The function also listens to the pop state event of the underlying Window of the browser. When we click the back button of the browser or execute the history.back method, the callback function popstate handler of the event will be triggered, and then traverse the listener listeners to execute each listener function.
So how did Vue Router add these listeners? It turns out that when installing the route, the initialization navigation will be executed once, the push method will be executed, and then the finalize navigation method will be executed.
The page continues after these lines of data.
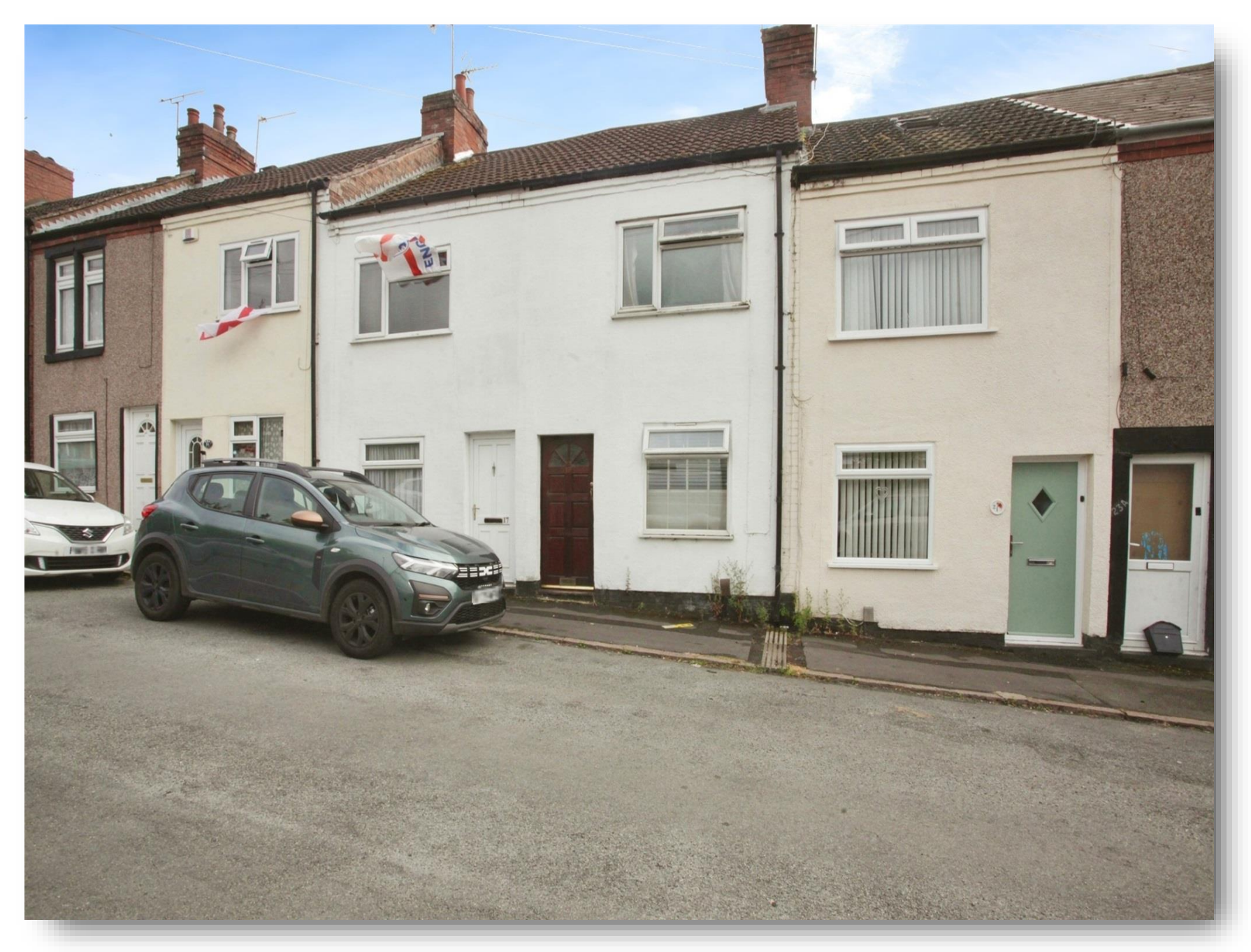
Clarence Road, Rugby, CV21 2JB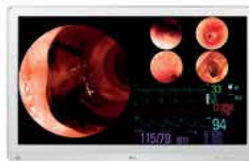
LG 32HL710S 31.5" 3G-SDI - 4K Surgical Monitor"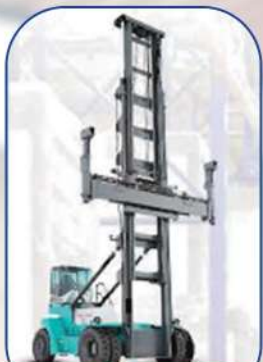
Empty CNTR Handler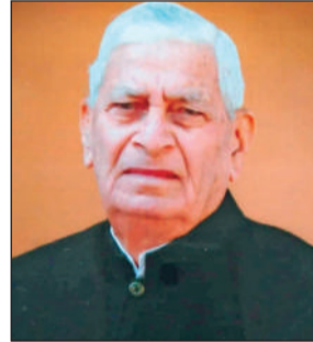
mortal remains will be taken to his native village MairaMandrian, Akhnoor

His cremation will take place at ChandianGhaatAkhnoor on Tuesday at 3.00 pm. His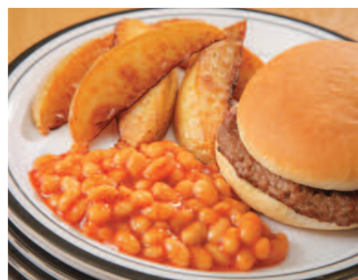
Beef Burger served in a Bun with Potato Wedges & Seasonal Vegetables or Baked Beans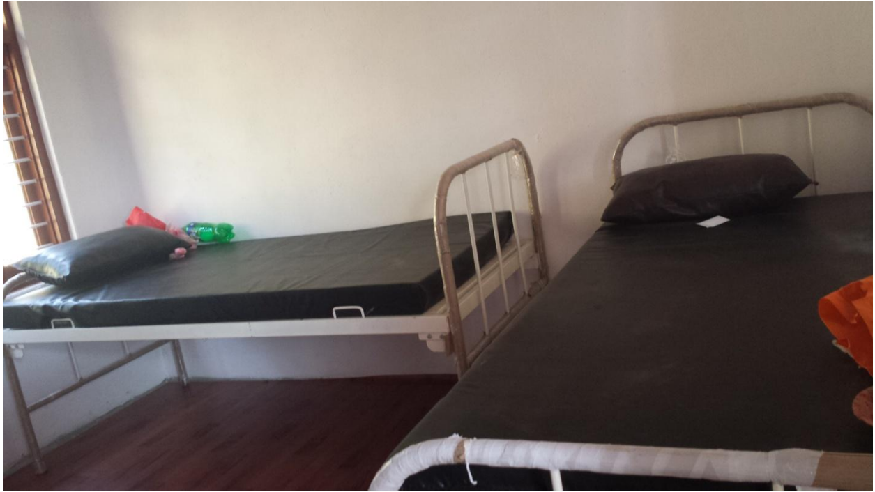
Patient Room #1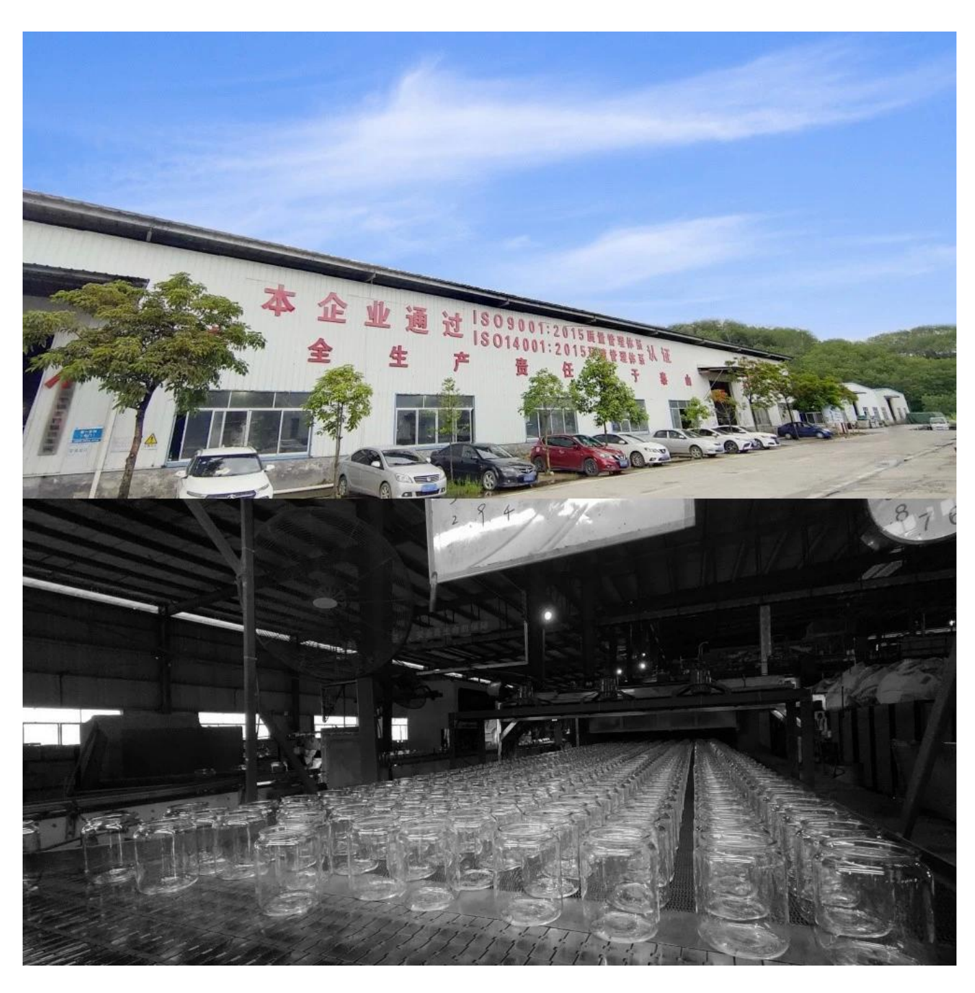
Cupwind office photo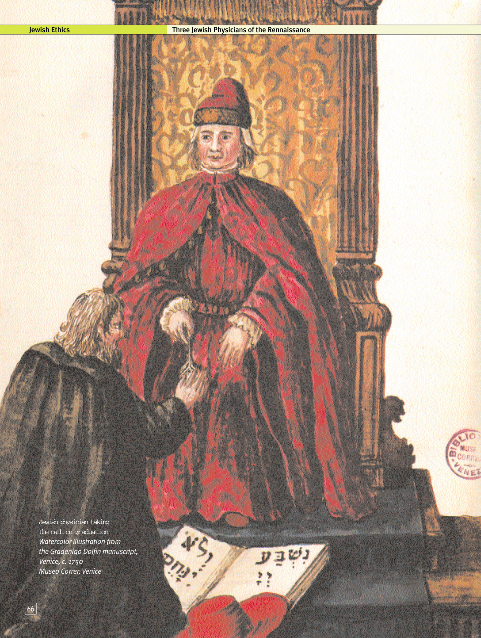
Jewish physician taking the oath on graduation Watercolor illustration from the Gradenigo Dolfin manuscript, Venice, c. 1750 Museo Correr, Venice

At the end of finalizeinavigation, the markAsReady method will be executed. Let's look at its implementation:
function markAsReady(err) {
if (ready)
return
ready = true
setupListeners()
readyHandlers
.list()
.forEach(([resolve, reject]) => (err ? reject(err) : resolve()))
readyHandlers.reset()
}
markAsReady internally executes the setupListeners function to initialize the listener, and it is guaranteed that it will be initialized only once. Let's move on to the implementation of setupListeners:
function setupListeners() {
removeHistoryListener = routerHistory.listen((to, _from, info) => {
const toLocation = resolve(to)
pendingLocation = toLocation
const from = currentRoute.value
if (isBrowser) {
saveScrollPosition(getScrollKey(from.fullPath, info.delta), computeScrollPosition())
}
navigate(toLocation, from)
.catch((error) => {
if (isNavigationFailure(error, 4 /* NAVIGATION_ABORTED */ | 8 /* NAVIGATION_CANCELLED */)) {
return error
}
if (isNavigationFailure(error, 2 /* NAVIGATION_GUARD_REDIRECT */)) {
if (info.delta)
routerHistory.go(-info.delta, false)
pushWithRedirect(error.to, toLocation
).catch(noop)
// avoid the then branch
return Promise.reject()
}
if (info.delta)
routerHistory.go(-info.delta, false)
return triggerError(error)
})
.then((failure) => {
failure =
failure ||
finalizeNavigation(
toLocation, from, false)
if (failure && info.delta)
routerHistory.go(-info.delta, false)
triggerAfterEach(toLocation, from, failure)
})
.catch(noop)
})
}
The listener function also executes the navigate method and a series of navigation guard functions in the process of route switching. After the navigation is successful, it executes finalize navigation to complete the navigation and complete the real path switching. This ensures that the user can restore to the previous path and update the routing view after clicking the browser Back button.
So far, we have completed path management, maintained and recorded the current path in memory through currentRoute, and realized path switching and history change monitoring through the browser's underlying API.